At that point, your phone could be a narrator only. But that has all changed.
For a century or more the most immersive way to interpret history was the living history museum, the first being Skansen, founded by Artur Hazelius in 1890 in Stockholm, Sweden replete with relocated buildings and costumed interpreters.
Diorama model of Skansen AT Skansen (kinda meta, huh?)
Living history museums remain popular because they follow the old museum model of preservation, where places are removed from the economic everyday and put under glass, if you will. And first person interpreters give you the feeling of being in another realm, another place, another time.
Mendocino, California.
This kind of “first person” interpretation was popular because it was immersive, three-dimensional, and employed costumed interpreters who made history “come alive” because they were, indeed, alive, and we are more likely to engage with people than buildings.
Philadelphia, Pennsylvania
Trenton, New Jersey
When I worked with Richard Rabinowitz of the American History Workshop 20 years ago we talked about “peopling the landscape” in a way that would mimic or substitute for an actual guide telling you the history of the place, or an actual actor reliving the history of the place.
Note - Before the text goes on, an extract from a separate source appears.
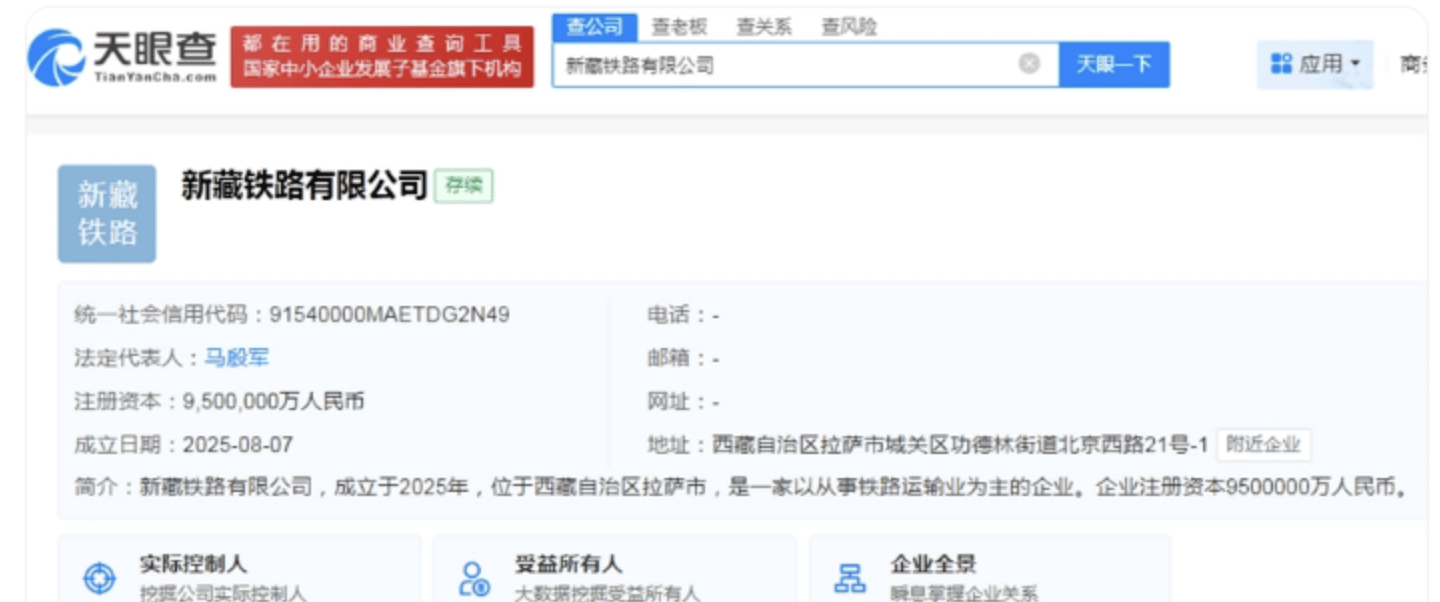 注册本钱950亿人平易近币,涉及铁、公、桥梁等多个范畴的扶植和运营。线北起新疆维吾尔自治区和地步区藏桂坐,该公司由中国国度铁集团无限公司全资持股。新藏铁包罗日和铁和拉日铁,股东消息显示,是规划中的毗连新疆维吾尔自治区和地步区和自治区拉萨市的铁线,

Ellard calls this “presence” and looks to the technology of the 21st century as a way to bring the first-person perspective to interpretation of historic sites in our user-defined world.
Since even before Sweden in 2007, we have been touting Virtual Reality, a personal immersive environment that mimics the sights, sounds, and haptic experience of actually experiencing something. Thirty years ago in York, England they created an indoor Viking village of AD 1000 full of smells and sights and sounds, kind of a carnival ride of immersion. But that was nothing like what you can do today, where the user’s actions and movements actually manipulate the experience.
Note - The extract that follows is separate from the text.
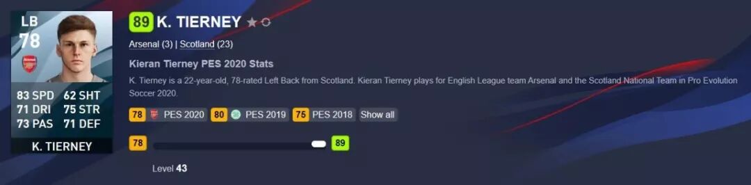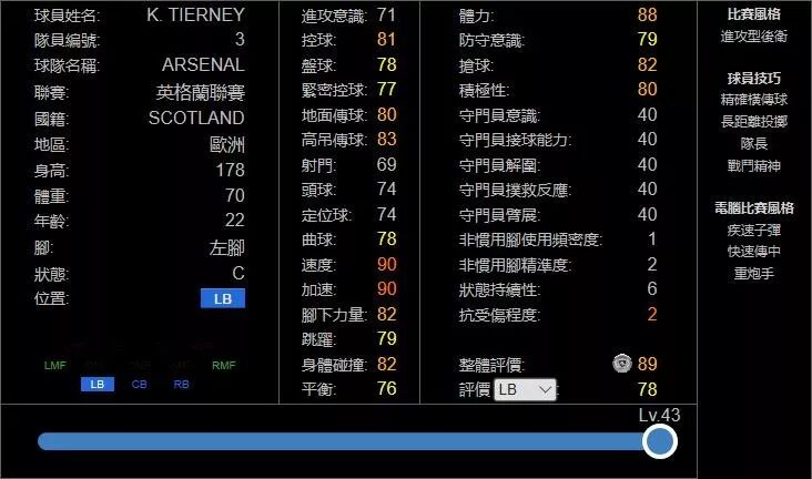 球员:基兰·蒂尔尼国籍:苏格兰球队:阿森纳模型:178cm/70kg/真脸风格:额外前锋总评:79—89技能:战斗精神,长距离投掷,精确横传球,队长

But in some ways we live in the age not of virtual reality but augmented reality (AR) like Pokemon Go, a game that inserts characters into our environment. How hard can that be to do with historic characters and sites?
We can chase history in real space and real time with the aid of our own smartphone, which can easily provide images of any period or event in the history of a place. You have probably seen those devices – they are little more than a box – that turn your smartphone into a mass-market VR device for your head.
Here it is just a block from the Alamo.
The future is here, and it can illuminate the past better than ever.
Today a visitor to a historic site like, say, the Alamo, expects to be able to take their own mobile device and experience the battle of 1836, along with the founding of the mission, its original construction in the early 18th century as well as its iconic rebuilding in 1849 with the roofline that now defines this city.
In fact, San Antonio hosts some of the most amazing firms whose VR can take you all over the world. Taking you to March 1836 can be done. Now.
Unlike physical reconstruction, current technology allows you to adapt the interpretation with every new bit of factual evidence that comes along. Instead of freezing a place in a singular interpretation based on one set of ideas or information, it is endlessly adaptable, and – in the parlance of historic preservation – eminently reversible.
Plus it caters to current consumer/tourist demand, which is to see sites on individual terms. In the Information Age, people happily trade Quality for Control. We have become used to being able to control our experiences for ourselves. Apps appeared a few years ago – in fulfillment of the idea expressed at that Sweden conference in 2007 – that allow people to hear or see elements of place history from their own mobile device.
The future is here, and it makes the past more accessible than ever.